_GIVEN RECORDS_
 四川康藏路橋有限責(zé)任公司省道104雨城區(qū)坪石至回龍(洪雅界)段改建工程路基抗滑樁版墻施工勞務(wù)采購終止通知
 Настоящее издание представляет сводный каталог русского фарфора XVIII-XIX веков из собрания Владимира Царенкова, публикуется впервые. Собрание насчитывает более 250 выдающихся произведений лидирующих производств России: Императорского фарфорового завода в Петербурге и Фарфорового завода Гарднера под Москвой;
==
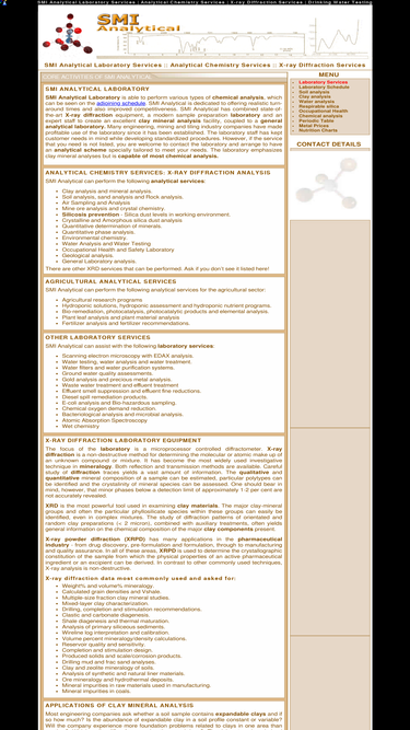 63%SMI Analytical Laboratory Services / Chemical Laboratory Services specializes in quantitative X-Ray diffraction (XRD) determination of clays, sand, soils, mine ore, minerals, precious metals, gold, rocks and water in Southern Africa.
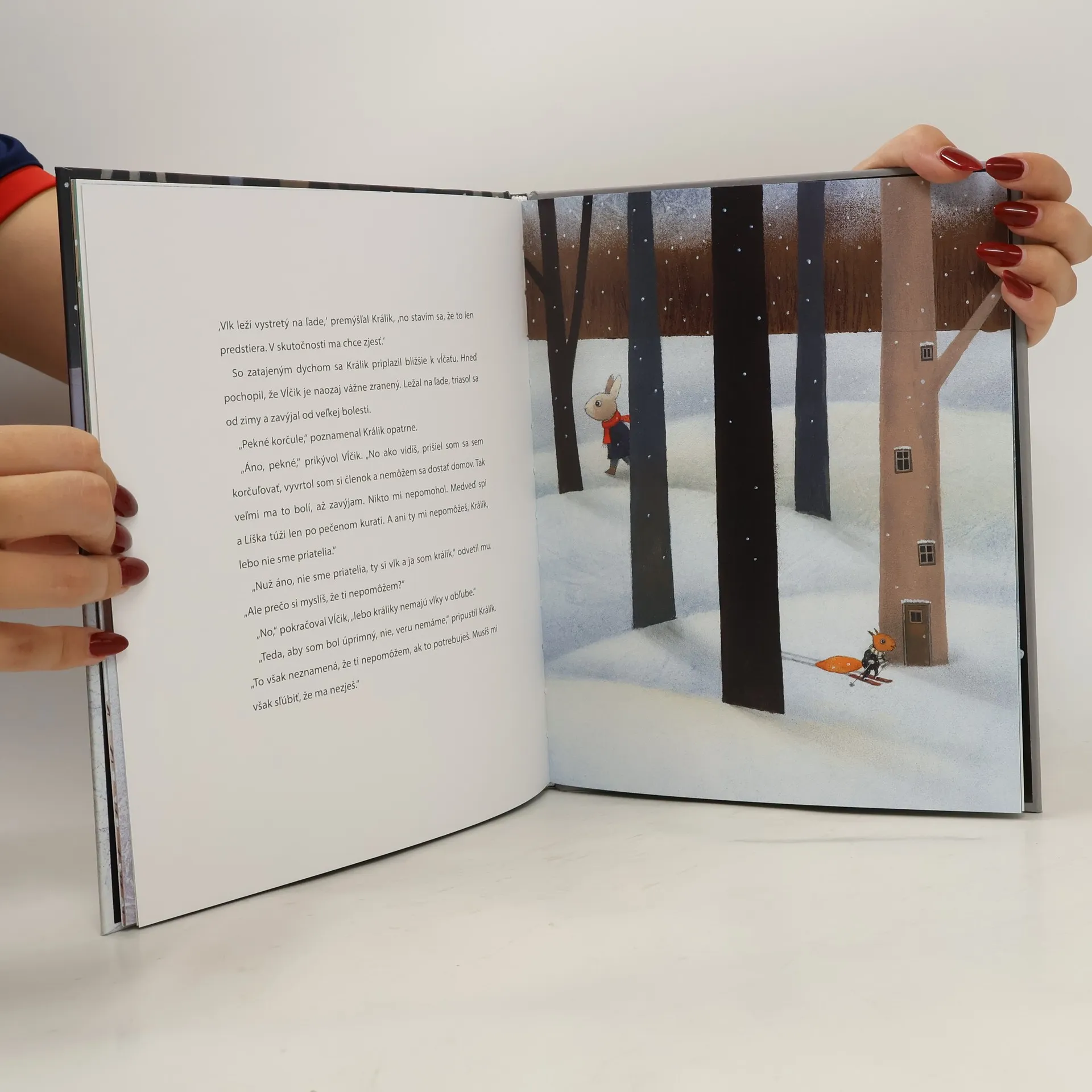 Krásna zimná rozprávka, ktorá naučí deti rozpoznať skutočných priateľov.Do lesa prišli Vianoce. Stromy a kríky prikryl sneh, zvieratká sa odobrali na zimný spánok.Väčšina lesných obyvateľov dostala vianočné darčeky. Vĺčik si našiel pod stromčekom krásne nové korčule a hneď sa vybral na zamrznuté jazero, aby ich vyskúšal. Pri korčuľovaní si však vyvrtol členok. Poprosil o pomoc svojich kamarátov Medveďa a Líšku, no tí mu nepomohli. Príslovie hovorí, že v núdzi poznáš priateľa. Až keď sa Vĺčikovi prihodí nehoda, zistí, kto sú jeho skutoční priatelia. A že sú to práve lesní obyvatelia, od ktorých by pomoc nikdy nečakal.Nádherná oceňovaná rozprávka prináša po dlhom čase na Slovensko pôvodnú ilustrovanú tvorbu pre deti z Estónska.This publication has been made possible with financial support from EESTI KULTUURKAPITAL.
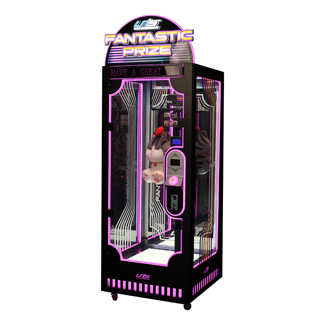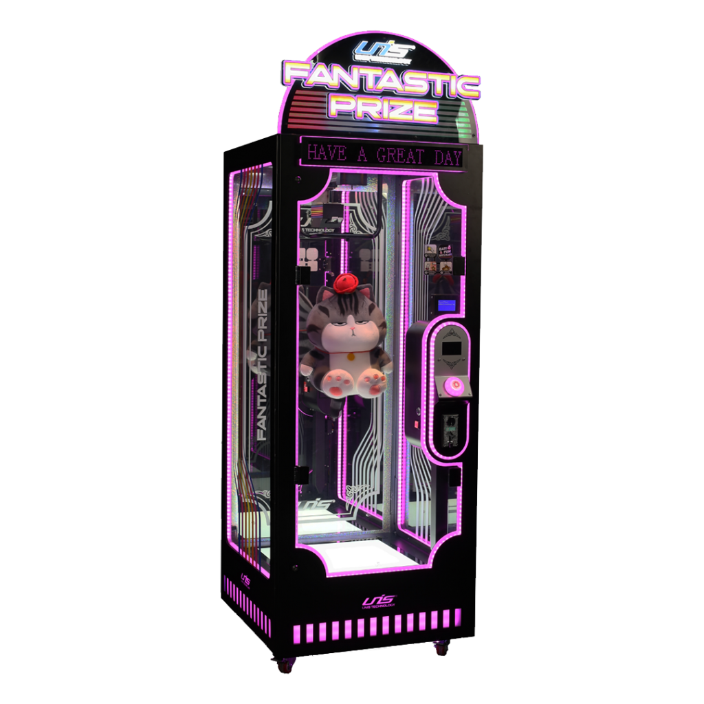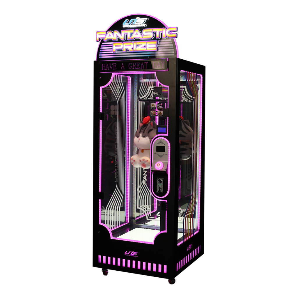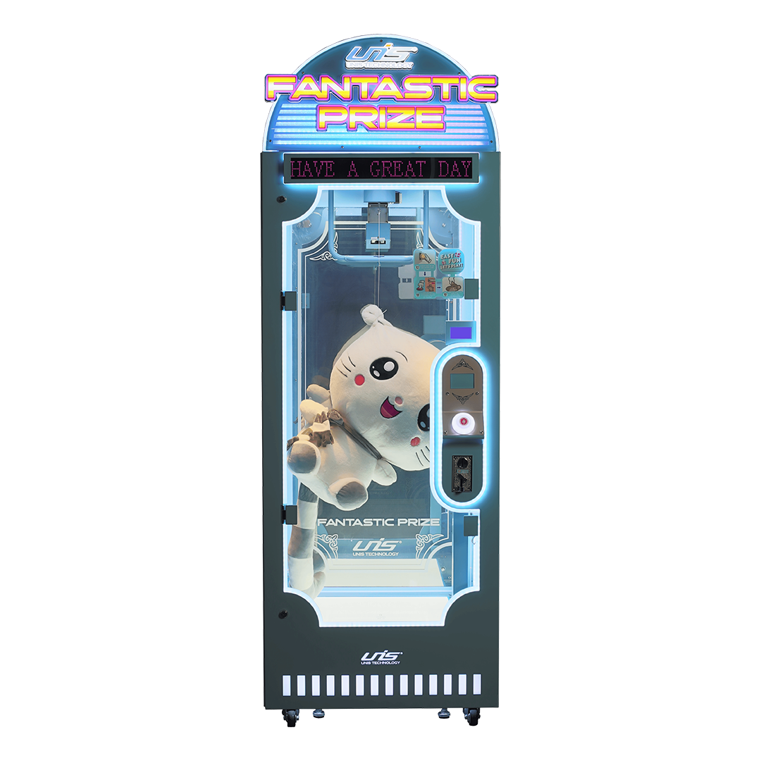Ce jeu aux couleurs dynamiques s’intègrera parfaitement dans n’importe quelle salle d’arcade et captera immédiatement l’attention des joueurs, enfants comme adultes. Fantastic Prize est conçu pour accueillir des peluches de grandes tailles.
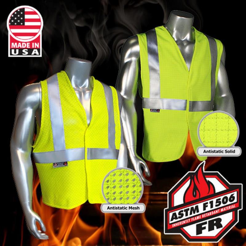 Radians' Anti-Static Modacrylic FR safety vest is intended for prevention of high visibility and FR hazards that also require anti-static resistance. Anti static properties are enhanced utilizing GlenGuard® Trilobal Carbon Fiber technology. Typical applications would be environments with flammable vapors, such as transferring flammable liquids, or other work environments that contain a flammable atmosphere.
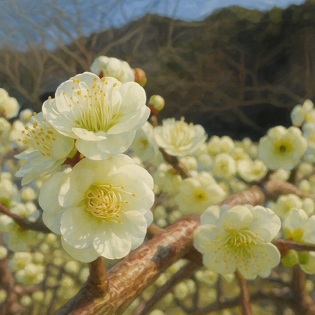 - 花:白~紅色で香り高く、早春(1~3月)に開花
...
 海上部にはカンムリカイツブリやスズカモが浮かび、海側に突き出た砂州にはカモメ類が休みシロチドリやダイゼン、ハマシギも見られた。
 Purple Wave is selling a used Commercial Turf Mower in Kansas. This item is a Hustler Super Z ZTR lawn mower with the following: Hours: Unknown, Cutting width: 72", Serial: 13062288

_WORK REQUIRED_
Above are records; repeat only the lines starting at the line with "四川康藏路橋有限責(zé)任" and ending at the line with "Настоящее издание представляет", exactly as they appear, both included.

_EXERCISE OUTPUT_
 四川康藏路橋有限責(zé)任公司省道104雨城區(qū)坪石至回龍(洪雅界)段改建工程路基抗滑樁版墻施工勞務(wù)采購終止通知
 Настоящее издание представляет сводный каталог русского фарфора XVIII-XIX веков из собрания Владимира Царенкова, публикуется впервые. Собрание насчитывает более 250 выдающихся произведений лидирующих производств России: Императорского фарфорового завода в Петербурге и Фарфорового завода Гарднера под Москвой;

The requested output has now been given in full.